The CurbSide Philosophy

A timely project by 4B Harm Reduction is pushing back against grifting alt-right media and fear being aimed at our unhoused neighbours by opportunistic police chiefs.

The CurbSide Philosophy
4B Harm Reduction looks out for the community in Edmonton.

As I’m writing this on the morning of August 16, wildfires have Yellowknife surrounded and the city is on evacuation alert. My heart goes out to everyone across NWT — many of them Indigenous, many who already have family and friends living on the streets of our cities — who may be left internally displaced after this fire season.

Houselessness isn’t an inevitable outcome for anyone: we need to see, hear and share these stories. That’s what this post is about.

It’s one of the most dramatic scenes you can imagine in harm reduction work: a mother on outreach comes across her son knocked out by a heavy opioid poisoning.

I won’t ruin the story of Angie Staines and her son Brandon Shaw, so check out Duncan McCue’s interview on Helluva Story or Marcus Gee’s piece in the Globe & Mail.

But the real twist comes after the media: by a combined miracle of a mother’s love, community support and personal grit, Brandon is housed for the first time in a decade and ready to apply what he learned on the streets of Edmonton and Vancouver to pay it forward.

The CurbSide Philosophy is a public education project by Brandon and the 4B Harm Reduction team. They’ll relay people’s stories from the frontlines of this national crisis of internal displacement with the understanding and care that comes most easily to people who have lived through it.

Drug Data Decoded is partnering with 4B Harm Reduction to help see The CurbSide Philosophy become reality. I’m donating the full $1,500 from a writing contract (look for that in Alberta Views early 2024!).

Can you join me with a donation to 4B’s GoFundMe?

Enough from me — here’s Brandon.

“I’m launching this project to give back a voice to people who are homeless or using drugs. I’ll raise awareness about the conditions on the streets — what is truly happening — using my own experience to strip away the stigma.

Because how the crisis of drug toxicity is being handled and what the government says is being done are two completely different things: people are being criminalized, marginalized and treated like scum.

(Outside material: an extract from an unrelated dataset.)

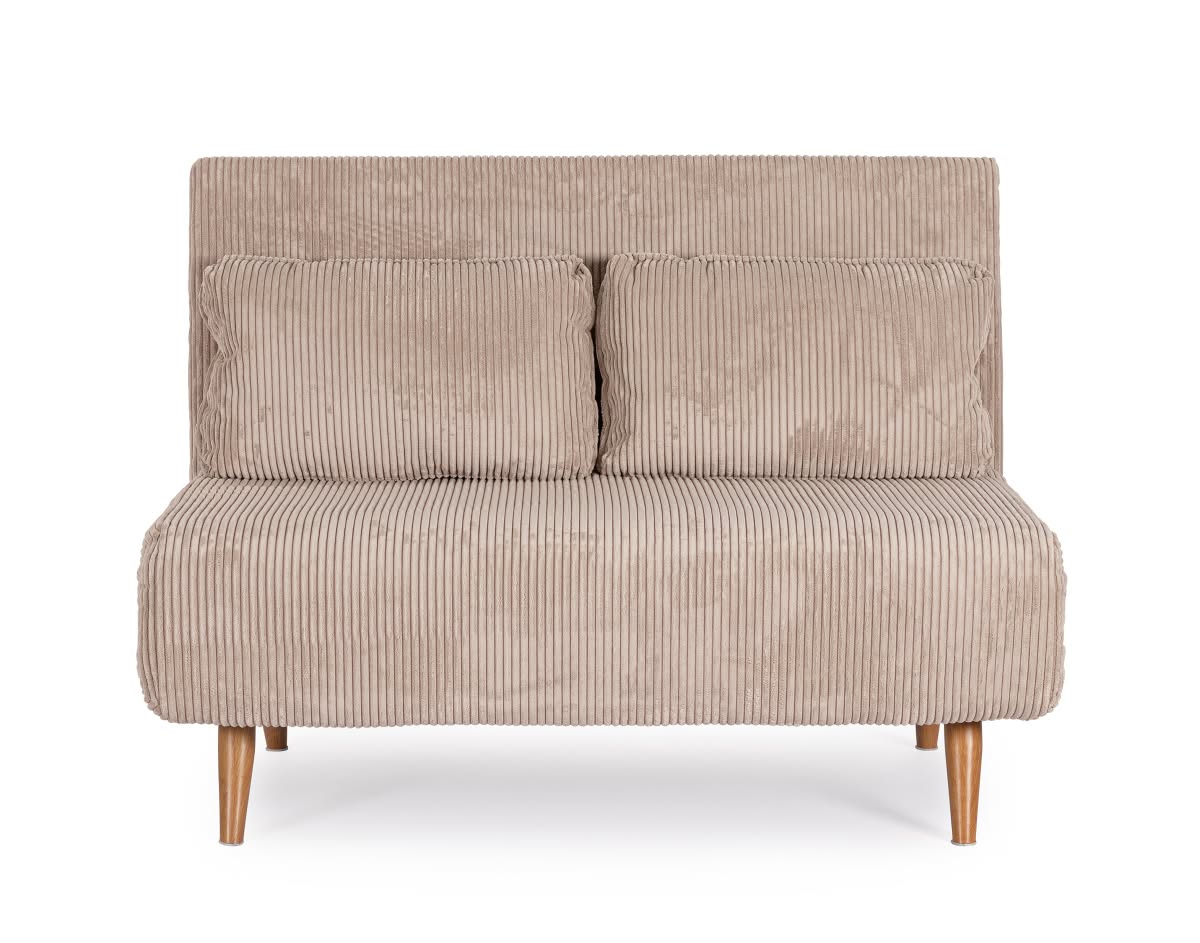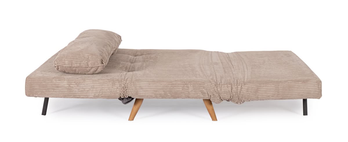 Divano Letto 2P Walker beige Bizzotto | Divano letto design in legno, acciaio e tessuto effetto velluto

It’s so sad to watch and it breaks my heart.

The CurbSide Philosophy will start as a set of social media channels (Facebook, Instagram, TikTok) that provide a platform to people’s real struggles. It’s the truth, delivered straight from the frontlines.

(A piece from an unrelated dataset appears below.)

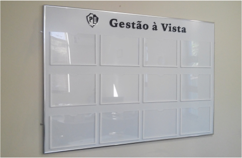 Quadro de Avisos para Pronto Atendimento com porta folhas A4 de acrílico.
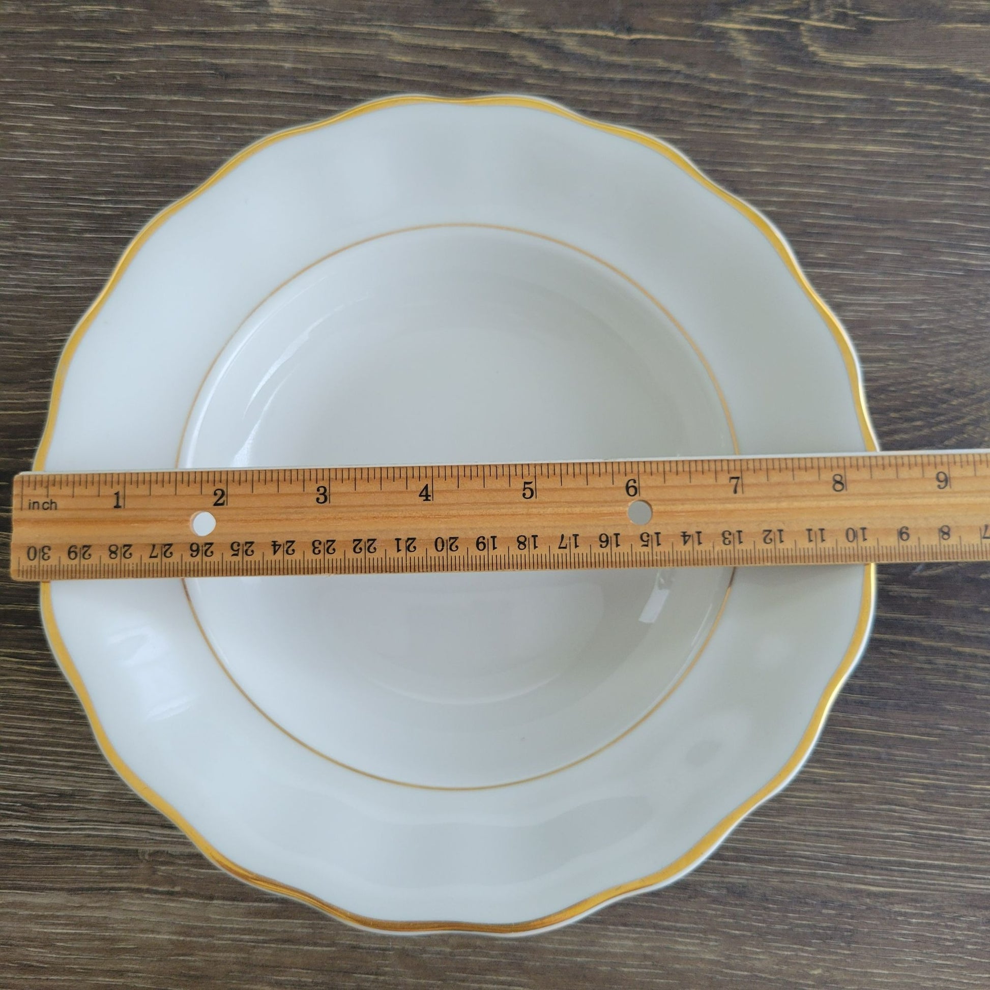 Elevate your dining experience with the Favolina-Karolina Golden Wedding Rimmed Soup Bowl. Made in Poland, this bright white porcelain bowl features a thick gold trim and an inner gold band.

Anonymous interviews will be paired with outreach footage to focus on issues that Albertans frequently talk about — but never with those directly affected.”

Brandon puts the B in 4B. (No, actually)

Want to be a part of this?

The CurbSide Philosophy will return far more than the sum of the stories it delivers. The people to whom it will give a voice are refugees of racist, ableist, homophobic, transphobic, greed-empowering policy. Their testimony is intentional omitted by the political press conferences, the Postmedia columns and the social media influencers.

As Brandon puts it: we talk about unhoused people so much, why aren’t we speaking with them?